Re: [osol-discuss] Long Startup Times (2.5hrs) in 2009.06

2009-07-26 Thread Andrew Turner
Export completes successfully in 30s or so.  Re-Importing now, same messages in 
the log and it's been running 1h43m and counting.
-- 
This message posted from opensolaris.org
___
opensolaris-discuss mailing list
opensolaris-discuss@opensolaris.org


Re: [osol-discuss] Long Startup Times (2.5hrs) in 2009.06

2009-07-26 Thread Ian Collins
On Mon 27/07/09 02:38 , Andrew Turner andrew.tur...@spearpointsolutions.co.uk 
sent:

 Export completes successfully in 30s or so.  Re-Importing now, same messages 
 in the log and it's been running 1h43m and counting.

How many filesystems are in the pool?

-- 
Ian.
___
opensolaris-discuss mailing list
opensolaris-discuss@opensolaris.org


Re: [osol-discuss] Long Startup Times (2.5hrs) in 2009.06

2009-07-26 Thread Andrew Turner
Cleaning up the Thread..


 Export completes successfully in 30s or so. Re-Importing now, same messages 
 in the log and it's been running 1h43m and counting.

How many filesystems are in the pool?

-- 
Ian.



Hi Ian

There's two zfs filesystems, one of 2.2T shared via CIFS and one of 500G which 
is shared by ISCSI, used for Timemachine and thus reformated into UFS+.

Regards

Andy
-- 
This message posted from opensolaris.org
___
opensolaris-discuss mailing list
opensolaris-discuss@opensolaris.org


Re: [osol-discuss] Long Startup Times (2.5hrs) in 2009.06

2009-07-26 Thread Andrew Turner
Ok this is bug 9909/bugster 6863859.  Very frustrating!  

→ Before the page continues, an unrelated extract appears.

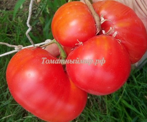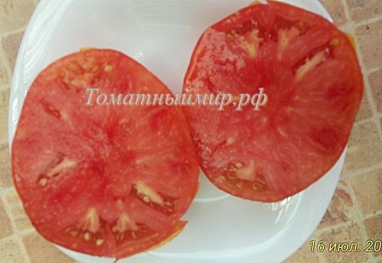 Индетерминантный, среднеспелый урожайный сорт народной селекции. Куст в теплице был до 1,7 м, в ОГ около полутора метров. Плоды округлые, красные, плотные, мясистые, сладкие, вес 300-400 грамм. Сорт салатный и для переработки на сок, пасту, соусы. В упак. 10 шт.

Thanks for the help anyway!
-- 
This message posted from opensolaris.org
___
opensolaris-discuss mailing list
opensolaris-discuss@opensolaris.org


Re: [osol-discuss] Long Startup Times (2.5hrs) in 2009.06

2009-07-26 Thread Andrew Turner
Ian, as this is orphaned from the main thread, can you delete the post?

Thanks!
-- 
This message posted from opensolaris.org
___
opensolaris-discuss mailing list
opensolaris-discuss@opensolaris.org